Real quantum computers don't produce stochastic errors. They produce coherent errors.

The distinction matters enormously. Coherent errors — small unitary rotations, systematic miscalibrations, crosstalk — don't randomly flip qubits. They rotate quantum states by small, correlated angles. When mapped to an equivalent stochastic model, their effective error rate is higher than the raw rotation angle would suggest. A coherent error with amplitude ε produces logical error rates comparable to a stochastic error with probability ε, not ε². The squaring that makes small errors negligible in the stochastic picture vanishes.

The practical consequence: coherent errors can shift fault-tolerance thresholds, increase the space-time cost of magic state cultivation, and boost logical error rates tenfold compared to equivalent stochastic errors. The same physical noise rate that sits comfortably below threshold in a Pauli simulation can sit above threshold when coherence is included. The safety margin shrinks or disappears.

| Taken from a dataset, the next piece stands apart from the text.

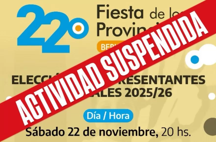 La Municipalidad informó que fue suspendida la elección de representantes de la Fiesta de los Provincianos, prevista para este sábado 22 en el Cine Teatro Victoria.

The authors develop an efficient simulation technique — mapping arbitrary Markovian errors to detector error models — that makes these assessments computationally tractable. The tool exists. The question is whether the quantum computing community incorporates it into hardware benchmarks or continues validating against the stochastic idealization.

The error model is not just a simplification. It is a load-bearing assumption in every threshold calculation. When the assumption is wrong, the threshold is wrong — and the hardware that appeared sufficient becomes insufficient without any physical change.